Mr Bakhurst would not be drawn on the accuracy of that figure, but he confirmed that Mr Coveney’s exit package was far less than what it might have been if he had, for example, pursued a case at the Workplace Relations Commission.
In an interview on RTÉ radio‘s Drivetime programme, Mr Bakhurst insisted the law was very clear on the non-disclosure elements of such agreements. He also suggested that some elected politicians, but not Ms Martin, were effectively asking him to break the law, which put him in a “quite unusual” position.
He said RTÉ was taking legal advice on bringing more clarity to the agreements but also said confidentiality was standard in mediated situations. “I had a discussion with the Minister about pursuing every avenue possible, which is what I said would do on achieving maximum transparency. And the Minister is very well aware of Ireland’s employment laws, and the legal constraints.”
Mr Bakhurst argued that he had wanted to refresh the RTÉ management team and there were no grounds for firing Mr Coveney or Mr Collins, which meant exit packages had to be negotiated in both cases.
“I think the underlying thing is when you work in the semi-State [sector] like we do in RTÉ, we’re not in America, you can’t just fire people willy-nilly with no repercussions,” he said.
“Had I gone down that route, it would have resulted in a liability substantially more than what we ended up paying because we’d have legal cases taken against us.”
Earlier, Mr Bakhurst took issue with the suggestion that the deals were secret. He said he had disclosed in an interview last July that Mr Coveney had received a payment.

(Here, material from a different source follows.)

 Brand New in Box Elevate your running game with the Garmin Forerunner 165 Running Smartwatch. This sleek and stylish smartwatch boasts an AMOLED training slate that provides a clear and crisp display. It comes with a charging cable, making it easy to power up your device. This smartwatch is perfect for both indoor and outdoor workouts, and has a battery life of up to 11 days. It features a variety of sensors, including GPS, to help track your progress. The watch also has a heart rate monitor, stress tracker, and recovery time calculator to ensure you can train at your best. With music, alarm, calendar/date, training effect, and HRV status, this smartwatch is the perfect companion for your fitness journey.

However, he rowed back on that during the interview, accepting he had said at the time that Mr Coveney had not received a payment “going out the door” but was entitled to a statutory payment, which would have been a fraction of the sum he is reported to have received.

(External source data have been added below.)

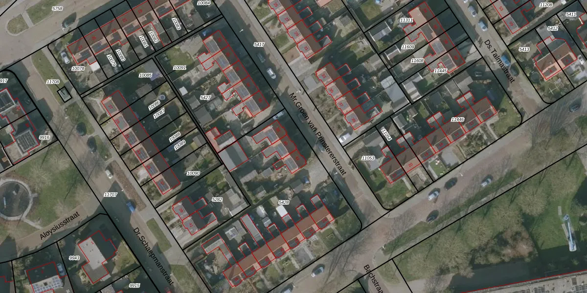 Het perceel waarop Mr.Groen van Prinstererstraat 40 staat heeft een oppervlakte van 2165 m². Dit is een zeer groot perceel. De perceeloppervlakte wordt geregistreerd door het Kadaster. Gedetailleerde informatie over de maten van dit perceel kunt u vinden in het rapport Kadastrale kaart met maatvoering van Mr.Groen van Prinstererstraat 40.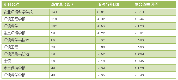 《環(huán)境科學》的影響因子位居TOP10高發(fā)文期刊的榜首——復合影響因子為2.870,載文量以107篇位列第三。該期刊創(chuàng)刊于1976年,是我國環(huán)境科學領域最早創(chuàng)刊的學術性期刊,并在國內外科技界有較大影響,被國內外很多重要檢索系統(tǒng)收錄,如EI、MEDLINE、CSTPCD、維普等。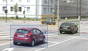 Automotive, Verkehr & LogistikDie moderne KFZ-Umfelderkennung und -Innenraumüberwachung mit multimodaler Sensorik ermöglicht vielfältige Anwendungen, die auf der automatischen Auswertung und Verknüpfung dieser Sensordaten und -bilder basieren. Die Herausforderung liegt dabei in der Entwicklung intelligenter Analysesysteme, die zuverlässig und in Echtzeit eine Semantik aus den Messdaten konstruieren können. Ähnlich verhält es sich auch mit Systemen zur Verkehrsüberwachung und zur Roboter- und Agentensteuerung in autonomen Logistiksystemen. Daneben müssen neben der eigentlichen Bild- und Datenanalyse widrige, reale Außenbedingungen wie schlechte Witterung, Tag-Nacht-Wechsel, Licht und Schatten, multiple Verdeckungen, etc. kompensiert werden. Genau auf solche Anwendungen sind wir spezialisiert und unterstützen Sie in diesem Bereich gerne mit modernsten Lösungen im Rahmen unserer vielfältigen Erfahrungen in diesem Bereich. Wir entwickeln für Sie u. a. in den Bereichen:

He accepted that Toy Show the Musical was a “disaster” but said Mr Coveney had a 16-year career at the station and had presided over really successful initiatives during that time. He also argued that there was a zero net cost to the broadcaster as the position had not been filled.
After her meeting with Mr Bakhurst and RTÉ chairwoman Siún Ní Raghallaigh on Monday, Ms Martin said she had expressed “concern and frustration” at how the ongoing controversy was undermining the reform programme at the broadcaster.
Ms Martin said she fully supported a cap being put on exit payments in future. It emerged last week that former RTÉ chief financial officer Breda O’Keeffe was given a redundancy payout of €450,000.
“We should not see the eye-watering, shocking amounts that we saw last week ever again,” the Minister said.
She expressed confidence in Mr Bakhurst notwithstanding the current controversy, saying: “I think he is the best person to be the DG of RTÉ.”